You are viewing a plain text version of this content. The canonical link for it is here.
Posted to mapreduce-user@hadoop.apache.org by Adam Shook <as...@clearedgeit.com> on 2011/08/01 23:19:07 UTC

Unusual large number of map tasks for a SequenceFile

Hi All,

I am writing a sequence file to HDFS from an application as a pre-process to a MapReduce job.  (It isn't being written from a MR job, just open, write, close)

The file is around 32 MBs in size.  When the MapReduce job starts up, it starts with 256 map tasks.  I am writing SequenceFiles from this first job and firing up a second with the first job's output.  The second job has around 32KB of input with 138 map tasks.  There are 128 part files, so it should only be 128 map tasks for this second job.  This seems to be an unusually large amount of map tasks since the cluster is configured to the default block size of 64MB.  I am using Hadoop v0.20.1.

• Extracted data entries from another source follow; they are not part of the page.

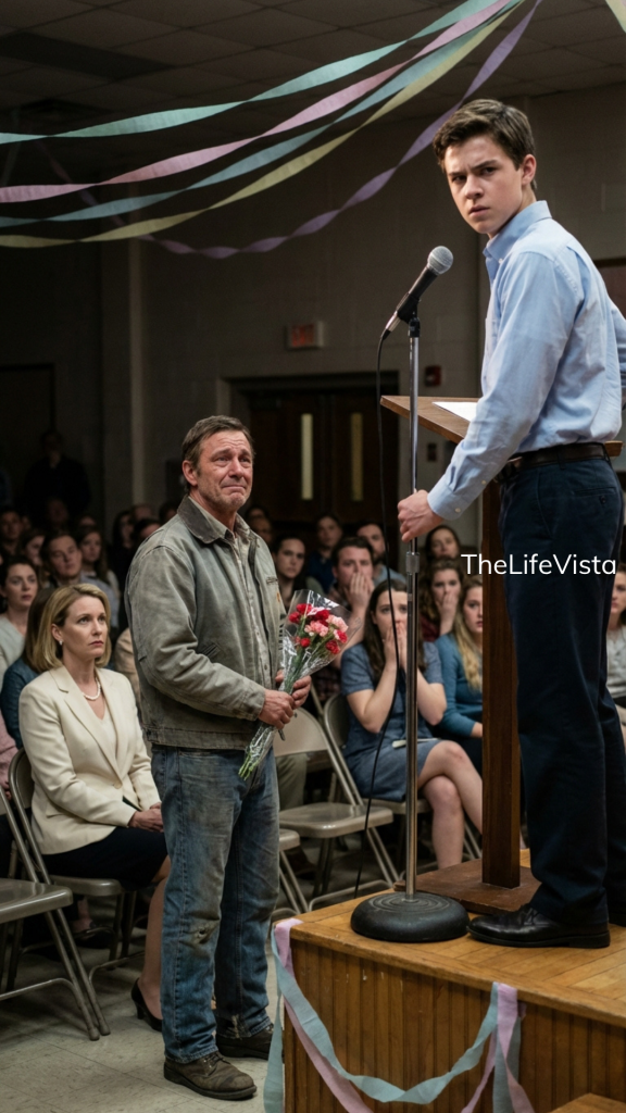 He adjusted the plastic around the flowers. He glanced once toward the stage, where **Ethan Walker** stood with the other honor students, posture straight, shirt crisp, hands clasped behind his back.
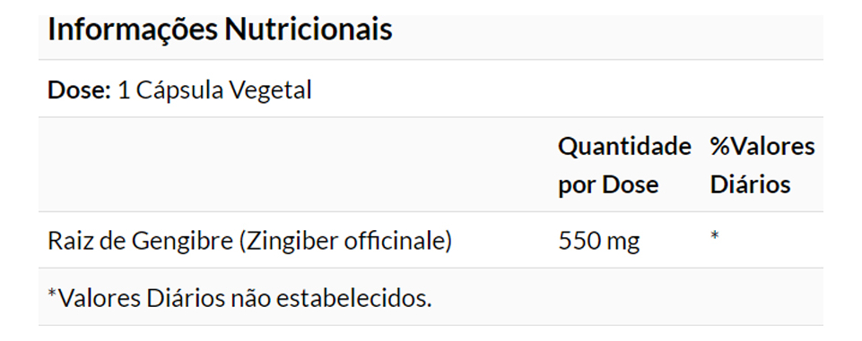 5. Elementos da Composição: Cada cápsula contém 550mg de raiz de gengibre de alta qualidade, fornecendo um suporte natural para uma variedade de funções corporais. Validade longa
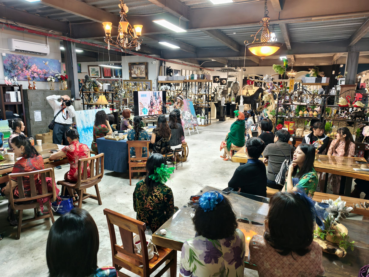 藉由這場聚會,我們不僅分享了旗袍的歷史與藝術家的畫作,也實際換上旗袍感受它的剪裁與造型,
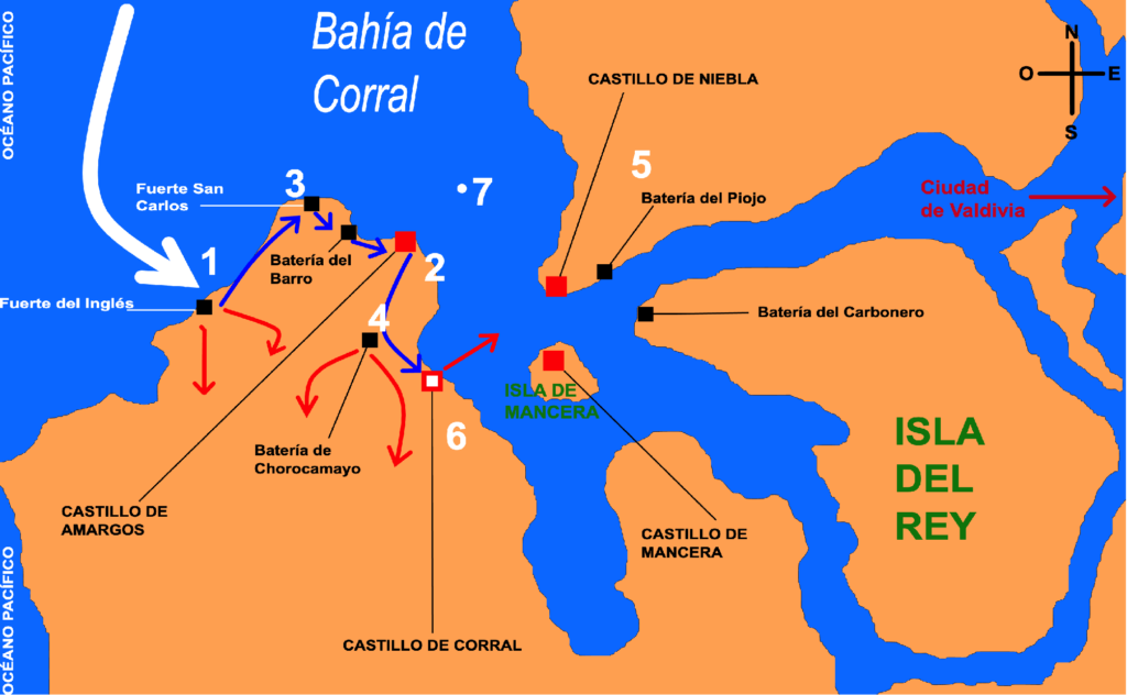 Curiosamente, los jefes del castillo del Corral (coronel Fausto del Hoyo), el de Niebla (Fernández de Bobadilla) y el de San Carlos (coronel Clemente Lantaño) se encontraban en un sarao en Valdivia, disfrutando de las bondades de tan tranquila provincia.

Is there something special about how the SequenceFiles are being written?  As far as how I am using to write the first file, below is a code sample.

Thanks,
Adam


FileSystem fs = FileSystem.get(new Configuration());
Writer wrtr = SequenceFile.createWriter(fs, fs.getConf(), <path_to_file>, Text.class, Text.class);

for (String s1 : strings1) {
      for (String s2 : strings2) {
wrtr.append((new Text(s1), new Text(s2));
}
}

wrtr.close();